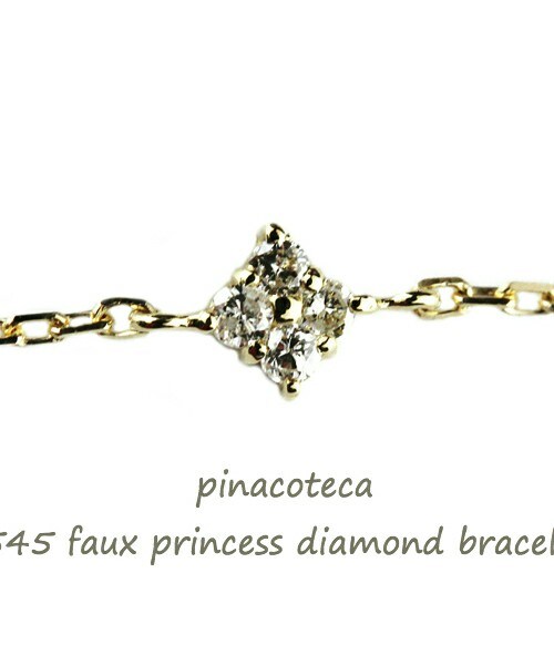 4石のダイアモンドを使って プリンセスカットのダイアモンドのようにセッティングしました。 シンプルな正方形 ダイアモンドがよく光ります。 シンプル 華奢なダイヤブレスレットは 身に着ける場所を問わずに付けて頂けます。 四角のシェイプがお花のようにも見えて手元を女性らしく際立たせます。 18金イエローゴールド製
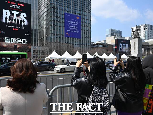 BTS의 이번 공연은 21일 오후 8시 서울 광화문 일대에서 진행되며 넷플릭스가 독점 생중계한다. 무대를 중심으로 숭례문까지 최대 26만 명이 현장을 찾아 공연을 관람할 것으로 예상된다.
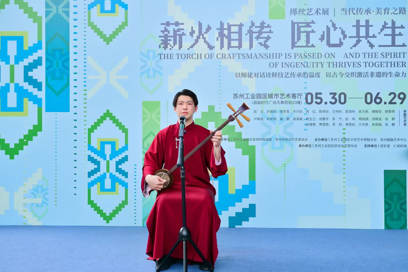 為弘揚中華優秀傳統文化,推動非物質文化遺產的保護與傳承,5月30日,由蘇州工業園區宣傳和統戰部、蘇州市民間文藝家協會指導,園區文學藝術界聯合會、蘇州圓融藝術中心主辦,園區民間文藝家協會承辦的“薪火相傳·匠心共生”緙絲藝術展及“端午民藝集”活動在圓融時代廣場園區城市藝術客廳順利啟幕。
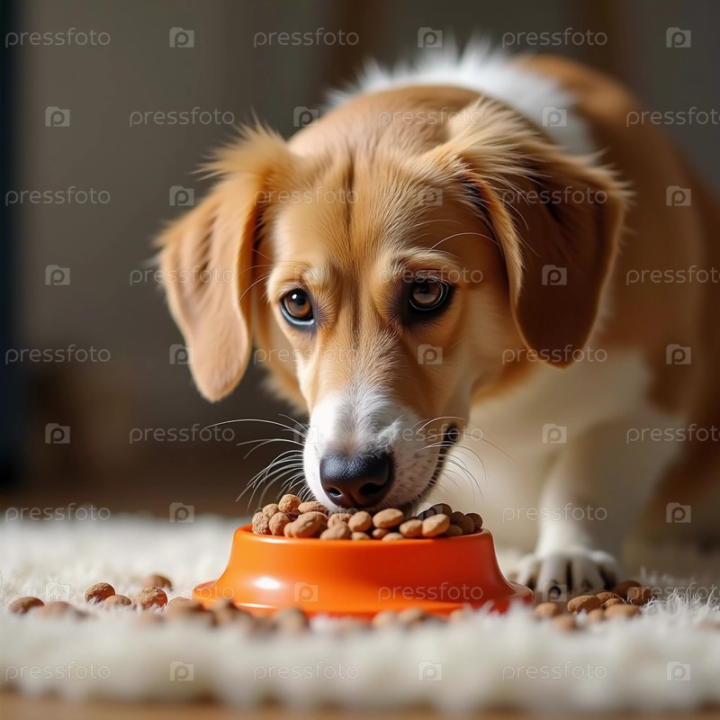 Веселая собака с мягкой шерстью приседает у оранжевой миски, наполненной сухим кормом, смакуя каждый кусочек в теплом, уютном помещении, залитом солнечным светом. ИИ
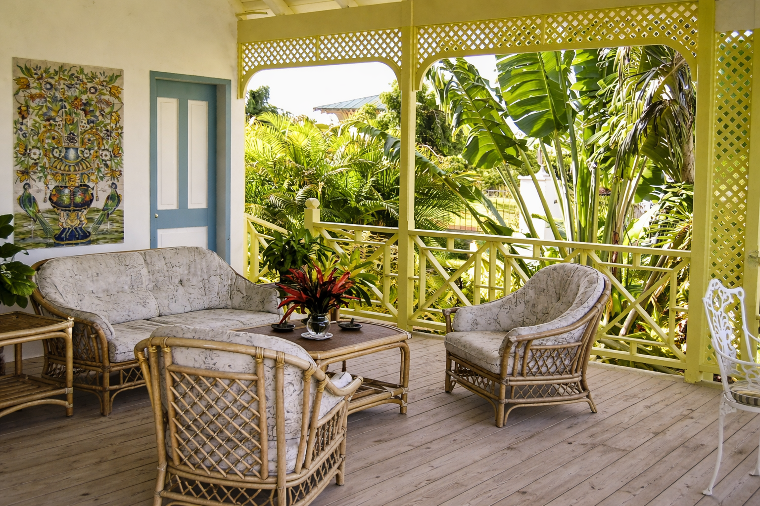 - Main verandah with stunning views, dining space, and rattan furniture.
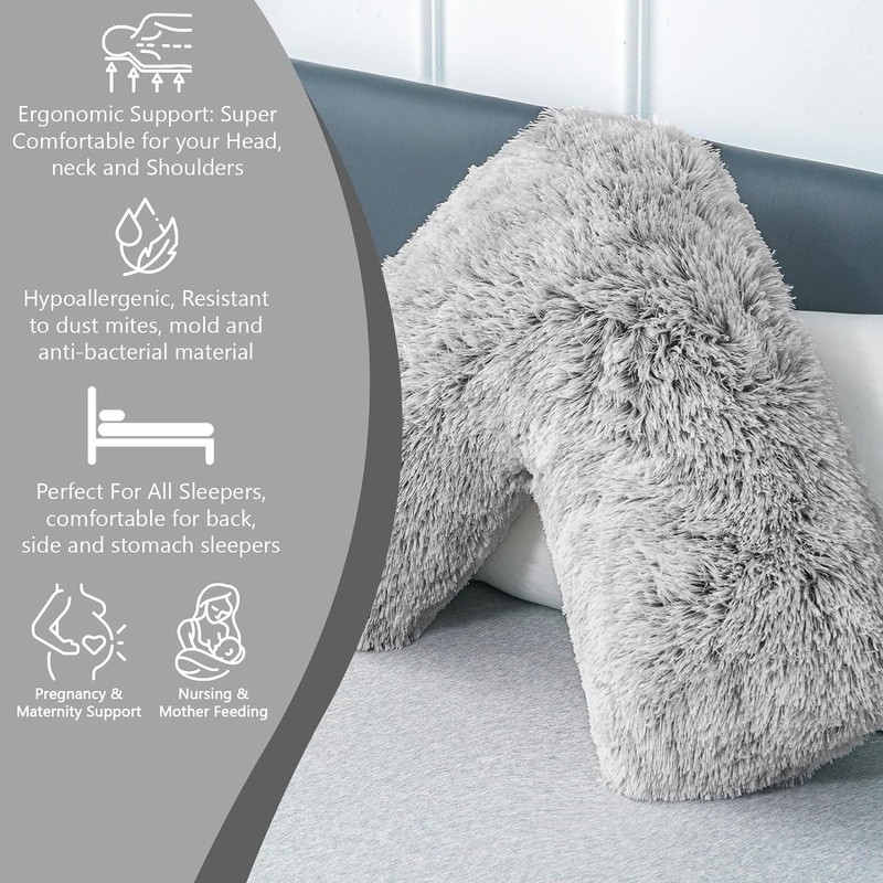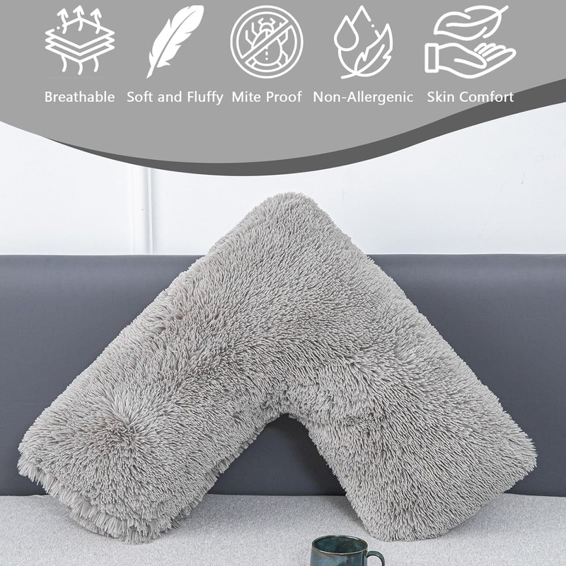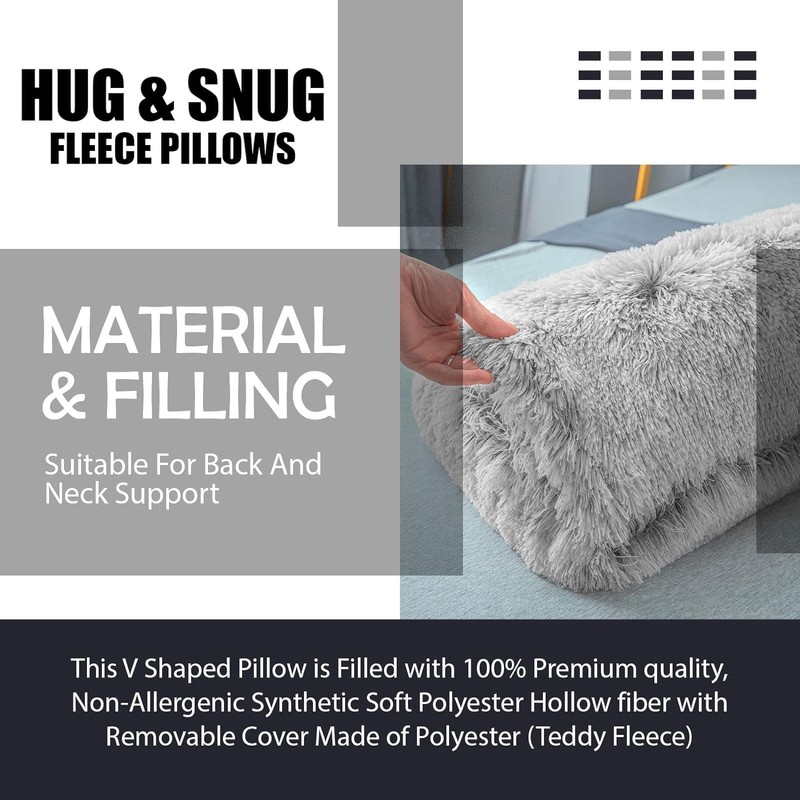 - V Pillow with Teddy Fleece Cover: Includes: 1 x V-shaped pillow & 1 x Teddy Fleece Cover made from soft teddy fleece material. Teddy fleece's luxurious texture not only caresses your skin but also retains warmth, ensuring you stay snug during chilly nights. V-shape pillows have a unique, elongated shape resembling the letter "V." This shape allows them to provide support to multiple areas of the body simultaneously.

# # # # #

→ **EXERCISE DESCRIPTION**:
Your task is to copy word for word the lines from the line containing "BTS의 이번 공연은" to the end of the listing, both included, and to drop any pictures.

→ **REPLY TO THE EXERCISE**:
 BTS의 이번 공연은 21일 오후 8시 서울 광화문 일대에서 진행되며 넷플릭스가 독점 생중계한다. 무대를 중심으로 숭례문까지 최대 26만 명이 현장을 찾아 공연을 관람할 것으로 예상된다.
 為弘揚中華優秀傳統文化,推動非物質文化遺產的保護與傳承,5月30日,由蘇州工業園區宣傳和統戰部、蘇州市民間文藝家協會指導,園區文學藝術界聯合會、蘇州圓融藝術中心主辦,園區民間文藝家協會承辦的“薪火相傳·匠心共生”緙絲藝術展及“端午民藝集”活動在圓融時代廣場園區城市藝術客廳順利啟幕。
 Веселая собака с мягкой шерстью приседает у оранжевой миски, наполненной сухим кормом, смакуя каждый кусочек в теплом, уютном помещении, залитом солнечным светом. ИИ
 - Main verandah with stunning views, dining space, and rattan furniture.
 - V Pillow with Teddy Fleece Cover: Includes: 1 x V-shaped pillow & 1 x Teddy Fleece Cover made from soft teddy fleece material. Teddy fleece's luxurious texture not only caresses your skin but also retains warmth, ensuring you stay snug during chilly nights. V-shape pillows have a unique, elongated shape resembling the letter "V." This shape allows them to provide support to multiple areas of the body simultaneously.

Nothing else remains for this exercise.